■ **Source material**:

BEGIN

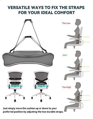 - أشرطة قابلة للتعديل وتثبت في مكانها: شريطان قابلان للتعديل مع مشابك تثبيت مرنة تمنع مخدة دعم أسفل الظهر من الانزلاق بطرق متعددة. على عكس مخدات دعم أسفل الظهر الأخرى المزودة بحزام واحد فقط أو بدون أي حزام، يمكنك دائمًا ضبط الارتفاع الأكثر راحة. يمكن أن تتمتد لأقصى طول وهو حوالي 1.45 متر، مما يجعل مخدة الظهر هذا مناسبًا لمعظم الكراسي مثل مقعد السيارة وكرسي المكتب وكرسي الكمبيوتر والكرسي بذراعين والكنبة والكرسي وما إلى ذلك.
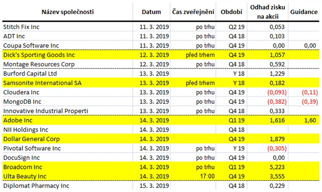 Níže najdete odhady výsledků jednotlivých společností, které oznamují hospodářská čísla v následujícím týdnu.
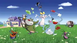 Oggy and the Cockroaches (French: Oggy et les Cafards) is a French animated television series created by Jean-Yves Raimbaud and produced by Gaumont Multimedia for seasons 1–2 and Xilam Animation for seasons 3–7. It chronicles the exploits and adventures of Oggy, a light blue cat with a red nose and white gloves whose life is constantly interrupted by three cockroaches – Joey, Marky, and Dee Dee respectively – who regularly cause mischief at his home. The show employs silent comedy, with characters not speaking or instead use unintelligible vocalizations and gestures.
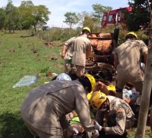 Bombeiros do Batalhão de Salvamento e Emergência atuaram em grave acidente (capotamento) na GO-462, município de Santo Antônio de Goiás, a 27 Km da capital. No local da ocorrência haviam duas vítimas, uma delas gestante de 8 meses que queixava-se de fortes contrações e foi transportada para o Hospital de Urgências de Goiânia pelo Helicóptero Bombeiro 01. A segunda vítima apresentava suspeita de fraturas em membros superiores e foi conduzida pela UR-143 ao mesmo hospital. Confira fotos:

END

■ **Exercise aim**:
Leave the images out. Set down all of the material above exactly.

■ **Exercise response**:
 - أشرطة قابلة للتعديل وتثبت في مكانها: شريطان قابلان للتعديل مع مشابك تثبيت مرنة تمنع مخدة دعم أسفل الظهر من الانزلاق بطرق متعددة. على عكس مخدات دعم أسفل الظهر الأخرى المزودة بحزام واحد فقط أو بدون أي حزام، يمكنك دائمًا ضبط الارتفاع الأكثر راحة. يمكن أن تتمتد لأقصى طول وهو حوالي 1.45 متر، مما يجعل مخدة الظهر هذا مناسبًا لمعظم الكراسي مثل مقعد السيارة وكرسي المكتب وكرسي الكمبيوتر والكرسي بذراعين والكنبة والكرسي وما إلى ذلك.
 Níže najdete odhady výsledků jednotlivých společností, které oznamují hospodářská čísla v následujícím týdnu.
 Oggy and the Cockroaches (French: Oggy et les Cafards) is a French animated television series created by Jean-Yves Raimbaud and produced by Gaumont Multimedia for seasons 1–2 and Xilam Animation for seasons 3–7. It chronicles the exploits and adventures of Oggy, a light blue cat with a red nose and white gloves whose life is constantly interrupted by three cockroaches – Joey, Marky, and Dee Dee respectively – who regularly cause mischief at his home. The show employs silent comedy, with characters not speaking or instead use unintelligible vocalizations and gestures.
 Bombeiros do Batalhão de Salvamento e Emergência atuaram em grave acidente (capotamento) na GO-462, município de Santo Antônio de Goiás, a 27 Km da capital. No local da ocorrência haviam duas vítimas, uma delas gestante de 8 meses que queixava-se de fortes contrações e foi transportada para o Hospital de Urgências de Goiânia pelo Helicóptero Bombeiro 01. A segunda vítima apresentava suspeita de fraturas em membros superiores e foi conduzida pela UR-143 ao mesmo hospital. Confira fotos:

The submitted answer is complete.